I should like to recall here the words President Havel said after "the silent revolution". "The critical choice for the Czech people was not between socialism and capitalism, not between poverty and wealth, but between truth and its denial." These words are applicable not only to the Czech Republic in the post-cold war era but to the entire world. Though the East-West confrontation has ended, the North-South disparities remain and cry out to be rectified. What we need is a new world order where the voice of the weak is heard. Years ago Poet Rabindranath Tagore had cautioned that the weak could be to the strong what quicksands are to the elephant. History has demonstrated this truth again and again. You, Mr. President, who has talked of "the power of the powerless" has to-day proclaimed this truth to the world. Your ideas and your words find a sympathetic chord in the minds and hearts of people in this land of the Buddha and Gandhi, Asoka and Nehru.

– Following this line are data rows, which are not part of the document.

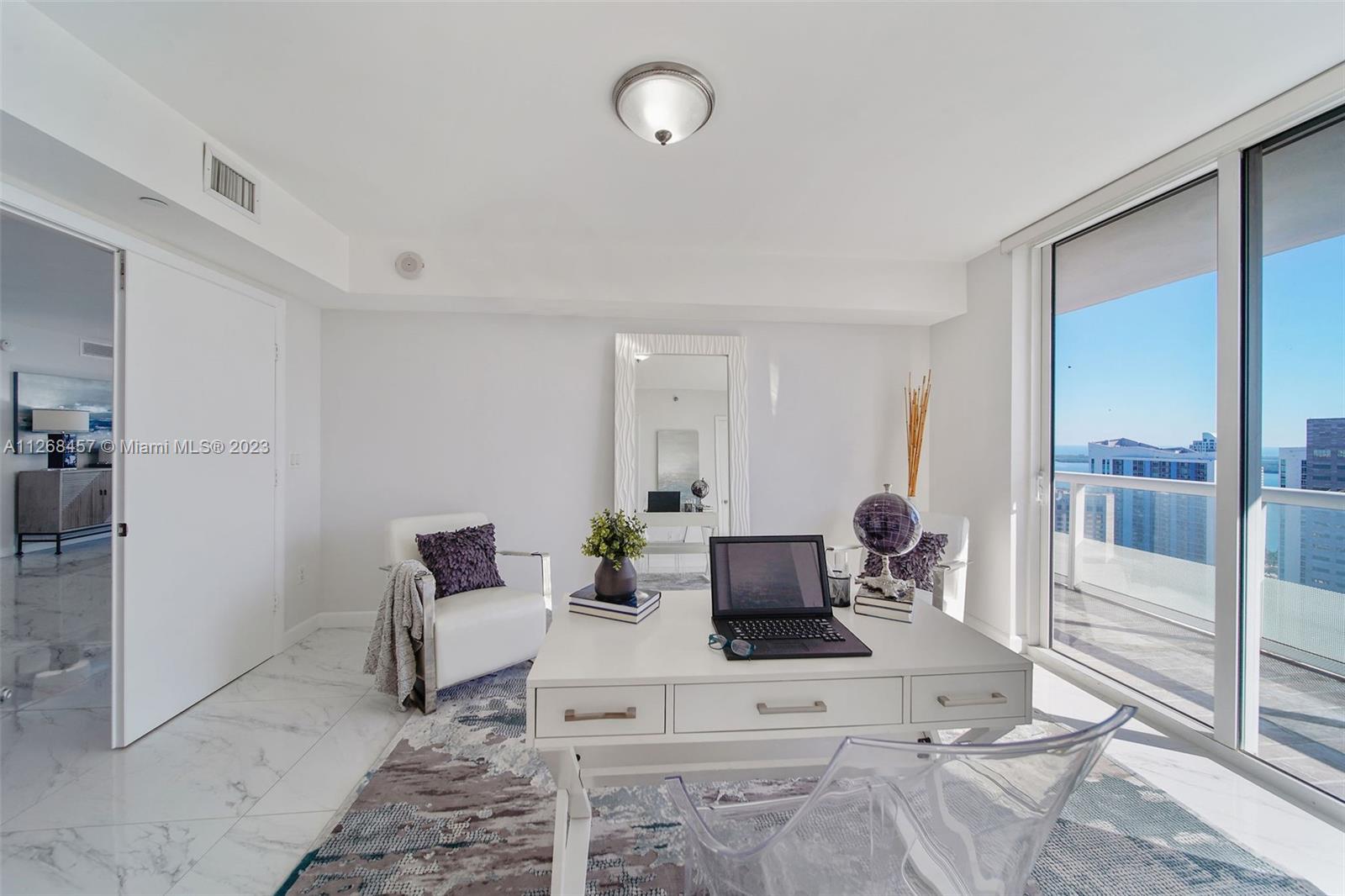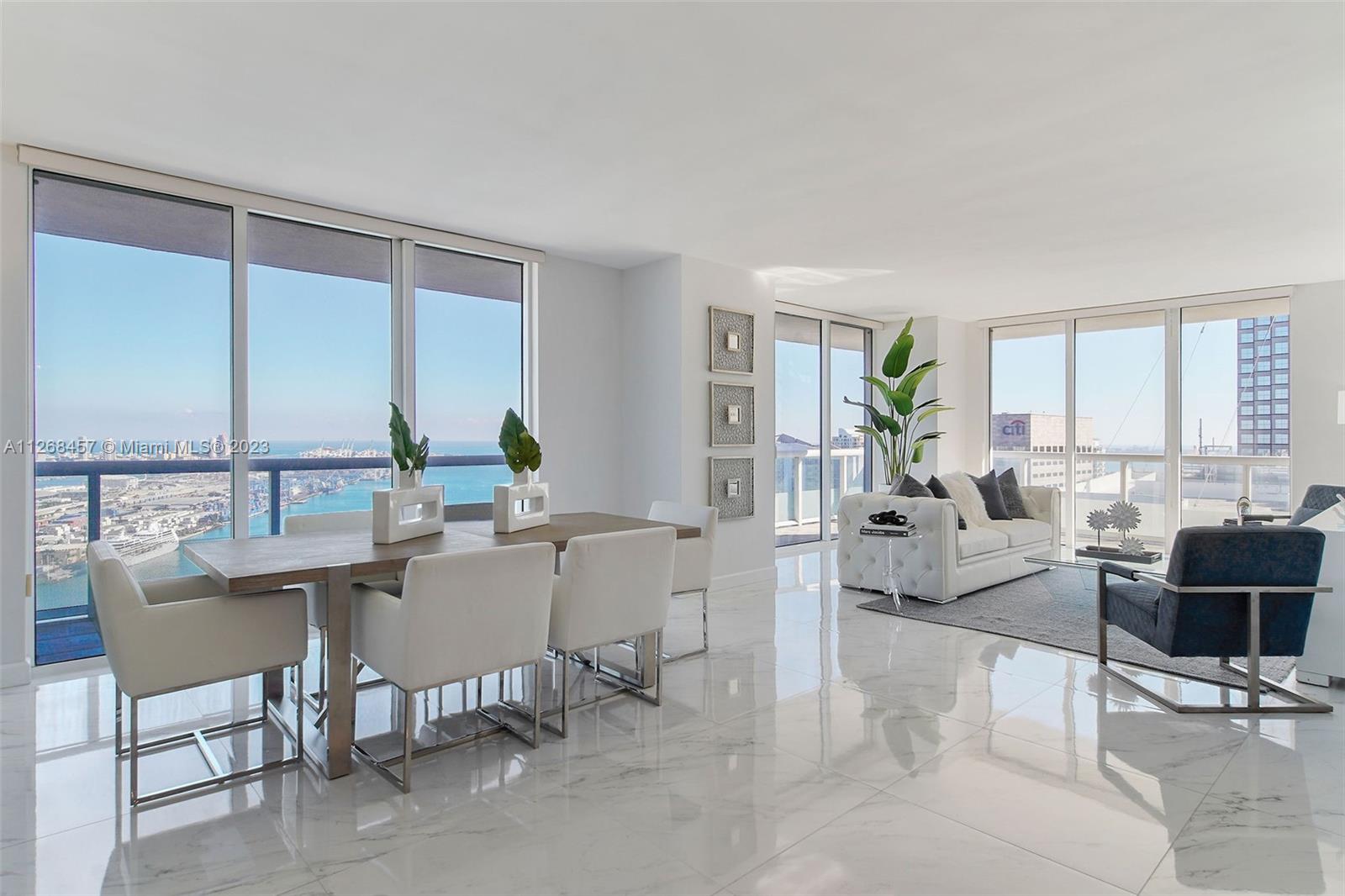 Enjoy spectacular views of Biscayne Bay, Port of Miami, and Miami Beach from this 3 bed/2 bath corner residence located in the heart of Miami. This Southeast corner unit features an open kitchen/living room layout, porcelain floors throughout, ample closet space, washer and dryer, tiled balcony and views from each room. 50 Biscayne is a full amenity building with an Olympic-size heated pool, state of the art spa, private fitness center, tennis, security valet parking and concierge service. Enjoy living across bay front park with the convenience of being minutes away from Miami’s top museums, restaurants, nightlife, financial district, best hospitals, public transit hubs and main highways.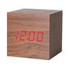 LED Voice-Controlled Digital Alarm Clock - Silent, Luminous, Square Wooden Design for Bedroom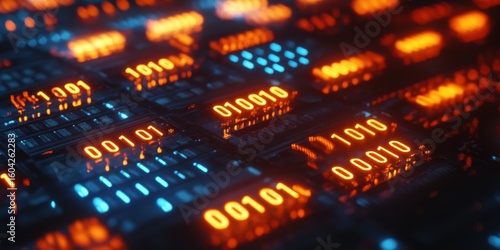 Glowing binary data chips on motherboard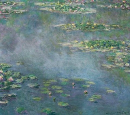• 「수련」 연작에서는 수면 위로 비치는 하늘과 나뭇잎의 반사광과 그림자를 포착합니다.

We welcome you as a great citizen of the Czech nation. May I add that the manner in which you have managed a transition of fundamental nature from a totalitarian economic and political system to a pluralist and open and democratic system in your country, through peaceful and gentle methods, is of significance for several others parts of the world. We salute you, President Vaclav Havel as a great citizen of the Czech nation, a great citizen of Europe and a great citizen of the world. In a world where economics have emerged as the dominant force and the callous cash nexus as the binding factor for the human family, you have introduced into politics a moral and spiritual dimension of vital importance. The Indira Gandhi Prize is a token of the Indian people's appreciation of your transcendental humanity, courage and dedication.